Dioxins as a biomarker

Sample collection and storage


  • Adipose tissue but mainly blood and breast milk have frequently been used as matrices for dioxins
  • Expressed on a lipid basis, correlations between different tissues are generally good.


  • For the general population, more than 90% of the total daily intake is derived through food
  • For different European countries, total daily intake is around 0,8-2 pg TEQ/kg body weight/day.
  • Dioxins are generally very resistant to metabolization and excretion, with half-lives of several years.

Sampling conditions:

Standard sampling methods for blood, adipose tissue or breast milk should be followed. Samples are stored at -20°C.

Sample measurement

Analytical aspects:

  • Mostly combinations of high resolution gas chromatography and mass spectroscopy (HRGC/HRMS).
  • Bio-analytical methods (in vitro and ligand binding assays) have been developed as a rapid, relatively cheap and sensitive alternatives, though they cannot replace chemical-analytical methods.
  • For milk and serum, levels of detection for individual congeners are around 0,05 pg/g lipid.

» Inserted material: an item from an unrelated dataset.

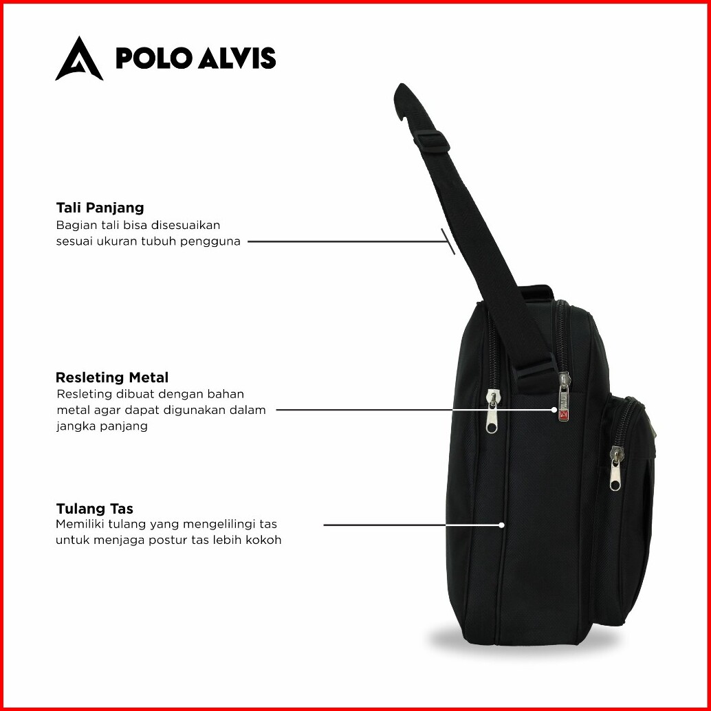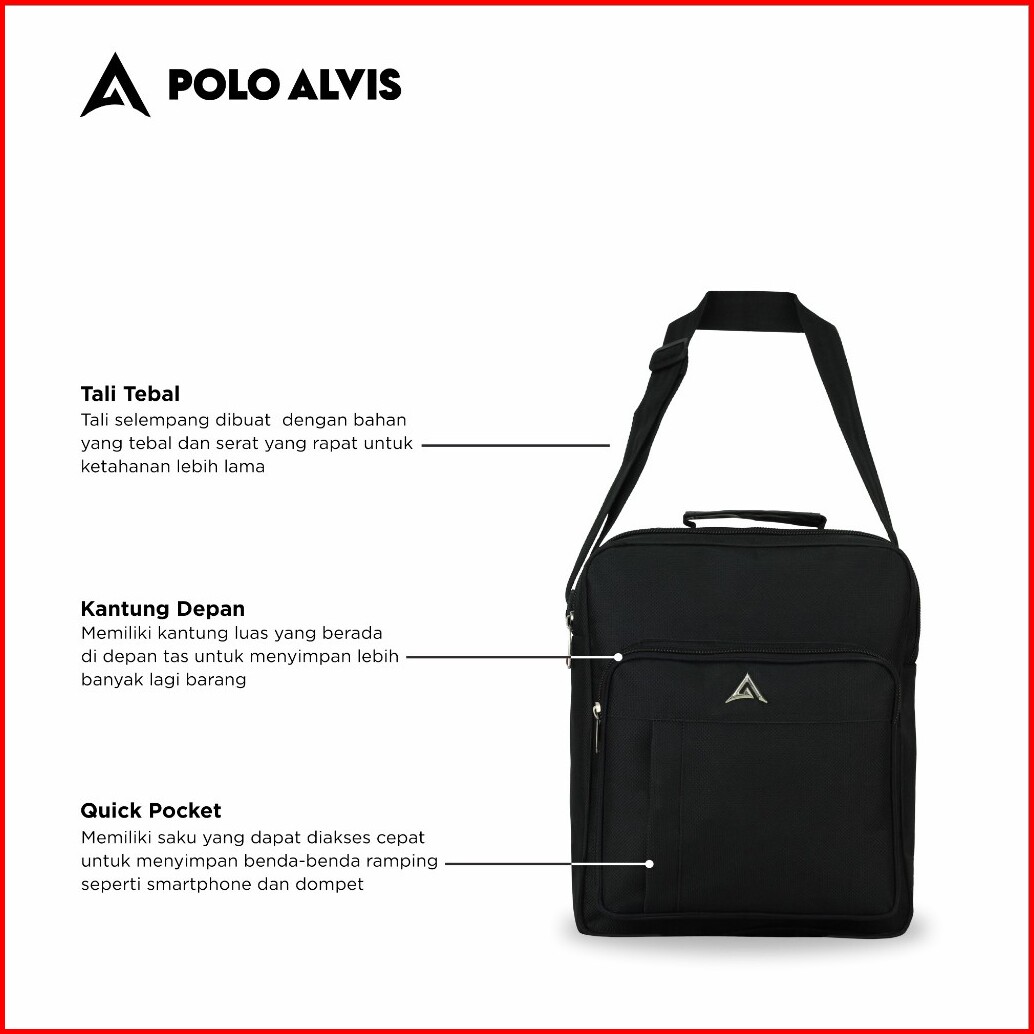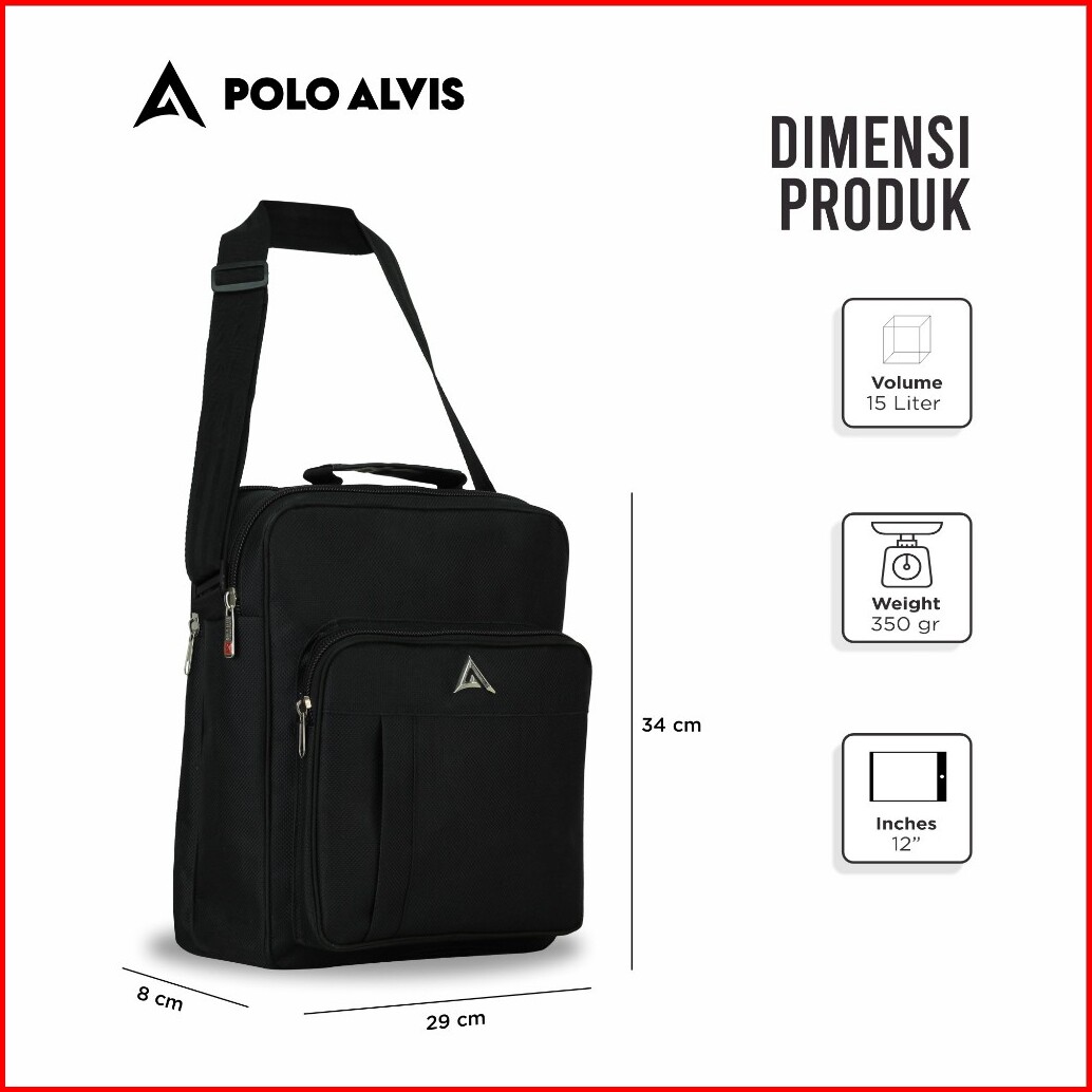 Polo Alvis - Orbit Zenith Tas Selempang Pria Polyester 12 Inch Tablet Ipad Tas Messanger Hitam Tebal

Performance characteristics:

  • For almost 20 years, WHO/EURO has been coordinating inter-laboratory quality assessment studies for dioxins in breast milk ald blood.
  • Generally good inter-laboratory comparability (relative standard deviations of 13%), though variability for individual congeners can be considerably higher.

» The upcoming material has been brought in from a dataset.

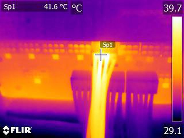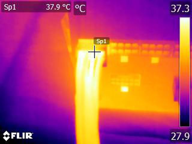 ▼執行FURMARK 30分鐘後電源端插頭的紅外線熱影像圖(附註:安裝位置環境溫度會影響

Analytical methods have been validated by several international agencies (e.g. USEPA, EC).

Confounding factors:

Age, food patterns, body mass index and gender can have profound effects on dioxin levels in human tissues.

Data interpretation

Concentrations reported in literature:

  • Median dioxin levels in breast milk ranged from 3,34–22,3 pg/g fat
  • Concentrations in blood are reported to be around 20-60 pg TEQ/g fat.
  • Daily intake concentrations are estimated to be around 0,8-2 pg TEQ/kg bw/day.
  • Critical total daily intake values are around 1-4 pg TEQ/kg bw/day

Dose-response/effect relationships:

  • Several dioxins are presumed to be human carcinogens, both for acute short term, and chronic long term exposure.
  • Dioxin TEQ exposures within roughly 3-fold of current background levels may be carcinogenic.
  • There are indications that in utero exposure to dioxins may result in (neuro)developmental delays, chloracne, alteration of thyroid hormone status and decreased long function.

Time trend, geographical variation, susceptibel groups:

  • Dioxin levels in breast milk are decreasing, in some countries up to 50%.
  • Global dioxin levels are highest in Western Europe highest.
  • Babies, small children, and humans exposed through diet, are the most susceptible groups.